There’s also Andy Katz and Jay Bilas, ESPN college hoops experts who chose to make Georgetown one of the few stops on their preseason tours of college campuses, and Dick Vitale who also ranks the Hoyas eighth.
The Washington Post has been covering the Hoyas from the beginning, as has the Washington Times, but the print media exposure this year has not been limited to local papers. The Boston Globe ranked Georgetown 10th in its season preview, while the New York Daily News wrote an entire feature on Head Coach John Thompson III. In a poll conducted by the Syracuse Post Standard, 16 writers who routinely cover the Big East picked the Hoyas to win the league.
According to the Georgetown Sports Information office, the media frenzy is just heating up.
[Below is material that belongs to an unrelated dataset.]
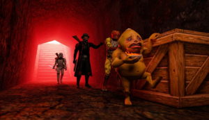 A dark montage showcasing Sith, Beefy, HK-47, Nick, and Gnarl as they travel through multiple gaming realities with the Genesis Drive, leaving only twisted destruction and horrific transformations in their wake.

Mex Carey, Georgetown’s Sports Information director, said that since he joined the athletic department a little over a year ago, the amount of attention that the Hoyas have received has grown daily.
Bill Shapland (CAS ’77), the senior sports communications director who has been working in McDonough since the 1984-85 season, says that the preseason attention easily surpasses Thompson III’s first season.
“Remember, though, you’re asking someone whose job it is to fuel that fervor,” Shapland added.
Shapland, the man who Thompson calls a “bodyguard,” recalls the excitement that surrounded the team in the mid 1980s, saying that with the smaller Big East, daily newspaper from other league locales, such as Connecticut, would be calling every day and that both Sports Illustrated and The Sporting News were frequently on the other end of the sometimes never-ending phone calls.
“This year,” Shapland said, “we’ve gotten a lot [of media requests] and, in some ways, more [than in the past]. The growth of the Internet has caused more and more people to become involved.”
For Thompson and his players, however, the extra attention means very little.
When asked if the hype has made this preseason different than the last two, team captain Tyler Crawford, a junior guard forward, flatly said, “No, I think for the most part we all understand that we need to work hard. I mean that’s always been part of our preseason regimen, so it’s no different than any other one.”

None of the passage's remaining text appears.